(TASK ITEM) Copy out every line of the data that has the word "with" somewhere in it.

(DATA SUPPLIED)
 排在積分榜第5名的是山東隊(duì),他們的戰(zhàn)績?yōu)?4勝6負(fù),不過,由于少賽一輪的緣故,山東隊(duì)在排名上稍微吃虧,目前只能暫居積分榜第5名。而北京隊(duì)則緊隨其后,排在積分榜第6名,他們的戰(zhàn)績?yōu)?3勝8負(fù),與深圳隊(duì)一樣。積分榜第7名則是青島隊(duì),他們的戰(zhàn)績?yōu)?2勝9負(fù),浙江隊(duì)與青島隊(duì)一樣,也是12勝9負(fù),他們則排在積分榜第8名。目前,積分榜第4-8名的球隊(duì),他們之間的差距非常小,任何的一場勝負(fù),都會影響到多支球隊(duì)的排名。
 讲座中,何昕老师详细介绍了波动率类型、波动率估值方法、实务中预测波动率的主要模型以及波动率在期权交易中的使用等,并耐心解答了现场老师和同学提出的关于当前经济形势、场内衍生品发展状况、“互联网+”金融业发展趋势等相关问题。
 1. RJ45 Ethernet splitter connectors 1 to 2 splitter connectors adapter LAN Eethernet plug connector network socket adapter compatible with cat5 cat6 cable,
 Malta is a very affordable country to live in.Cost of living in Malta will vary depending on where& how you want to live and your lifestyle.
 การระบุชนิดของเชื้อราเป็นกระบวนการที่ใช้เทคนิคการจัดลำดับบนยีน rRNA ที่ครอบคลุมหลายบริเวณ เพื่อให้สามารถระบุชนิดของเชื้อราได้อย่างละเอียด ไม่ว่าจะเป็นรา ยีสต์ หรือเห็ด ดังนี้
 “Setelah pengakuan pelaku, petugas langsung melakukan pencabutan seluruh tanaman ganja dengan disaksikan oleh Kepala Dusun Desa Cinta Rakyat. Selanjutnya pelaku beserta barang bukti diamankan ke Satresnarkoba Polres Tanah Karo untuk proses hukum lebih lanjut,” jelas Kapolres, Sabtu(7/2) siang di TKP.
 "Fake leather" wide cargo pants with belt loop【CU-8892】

(RESPONSE TO THE EXERCISE)
 1. RJ45 Ethernet splitter connectors 1 to 2 splitter connectors adapter LAN Eethernet plug connector network socket adapter compatible with cat5 cat6 cable,
 "Fake leather" wide cargo pants with belt loop【CU-8892】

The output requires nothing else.